Engravings

 

 

Our company was founded in 1959 by Jerry Baden as Baden's House of Trophies. It has had several names and owners since then, becoming Vermont Trophy & Engraving in 1974. It has for many years been considered the highest quality awards manufacturer in the region.

In 1996 we - Steve & Margi Swett – decided we'd like to try working together curious to see how our marriage and the business model we'd developed through careers in banking, non-profit and economic development would survive and perhaps even prosper. We've been very lucky on both counts! Our plan was to buy a value-added business and focus it on the B2B market by developing long-term partnerships with our clients. Our business model is to offer the finest engraving – much of it with proprietary techniques - the most advanced technology handled by the most talented, dedicated staff in our industry. We couple that with the highest quality, innovative products and business etiquette which we are terribly distressed to find so rare these days.

There are items we engrave which their manufacturers cannot (Cross and Danforth to name but two.) We engrave crystal which few engravers attempt and we'd hold ours up to anyone in the industry who specializes in it.

Our mission is to find ways to say yes - to be creative in problem solutions - not obstructionist and discouraging. We all answer the phone…there are no menus. There is no production line, just individual production benches used by trained, skilled members of our team.

We hope you will learn a bit about us from this site but we must note that it is merely a glimpse, not a full portrait. If there is something you need that you don't find – call us. As noted above, a human being will answer the phone Monday – Friday 8-5.

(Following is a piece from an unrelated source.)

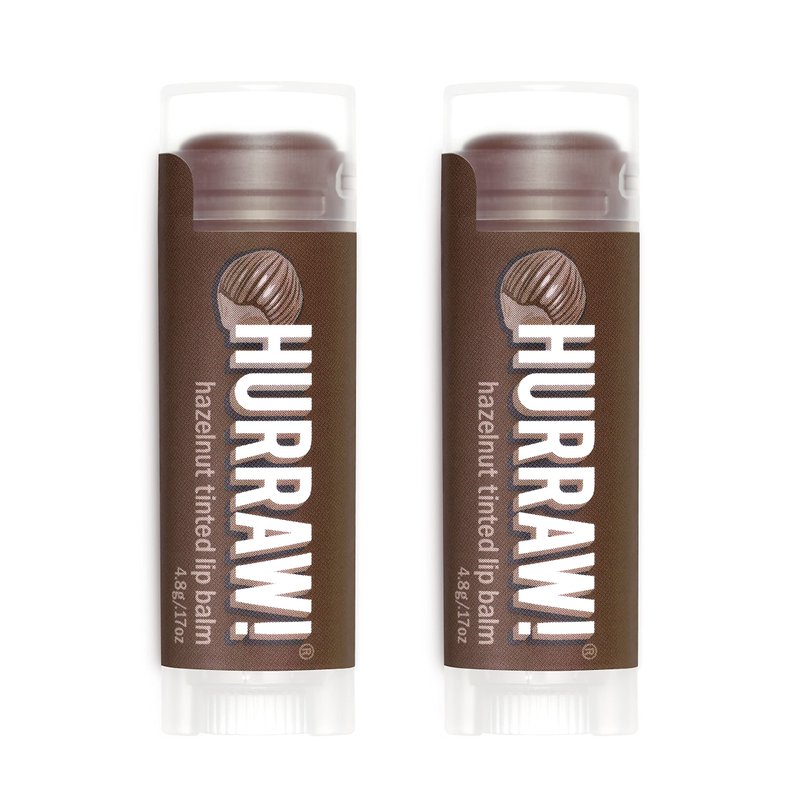 - TWO 4.8g/.17oz Oval Tubes of Hazelnut Tinted Lip Balm packaged in a white HURRAW! branded pillow box. Cacao & bhringraj come together for a SHEER SUNSET BROWN TINT. Plant-based. Mild, yet delicious, hazel-nutty treat! Made with certified organic, vegan, and raw ingredients. Hurraw! Lip Balms are certified 100% all natural origin, cruelty and gluten free. Non-GMO. Bee Free, Shea Free, Soy Free and Palm Free.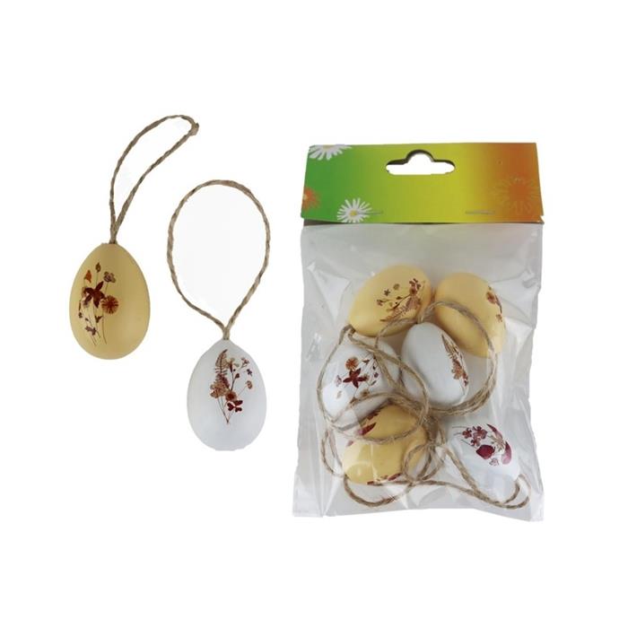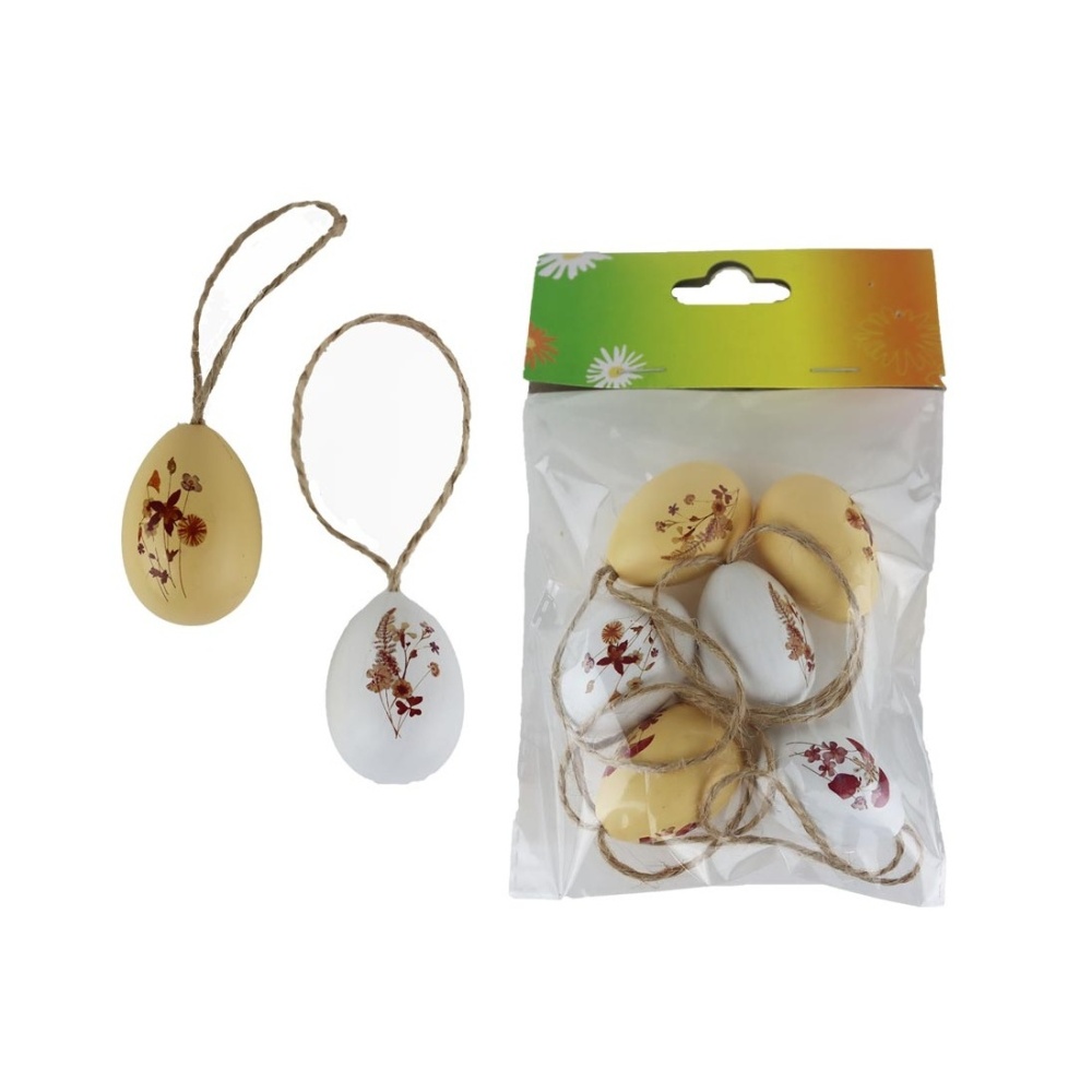 Ozdoba plastové vejce s květy, bílá/žlutá, mix, 6 ks je sada závěsných dekorací vhodných pro jarní a velikonoční aranžmá. Každé vejce je zdobeno jemnými plastovými květy, které dodávají dekoraci hravý a veselý vzhled.

Dawn Hartman, our production manager, has an extensive background in mechanical and design areas which range from engineering and tooling, to photography. She tied herself for 2nd place in two categories in a nationwide engraving contest. One item was a proprietary pen engraving method that allows us to do multiple lines, fonts and artwork which no pen manufacturer can do. The other was for the “Pension Works' sign seen at the bottom of the sign page. It involved a multicolor logo which required many exacting tool path creations, each with it's own color-fill and tooling changes, that few engravers could even attempt it.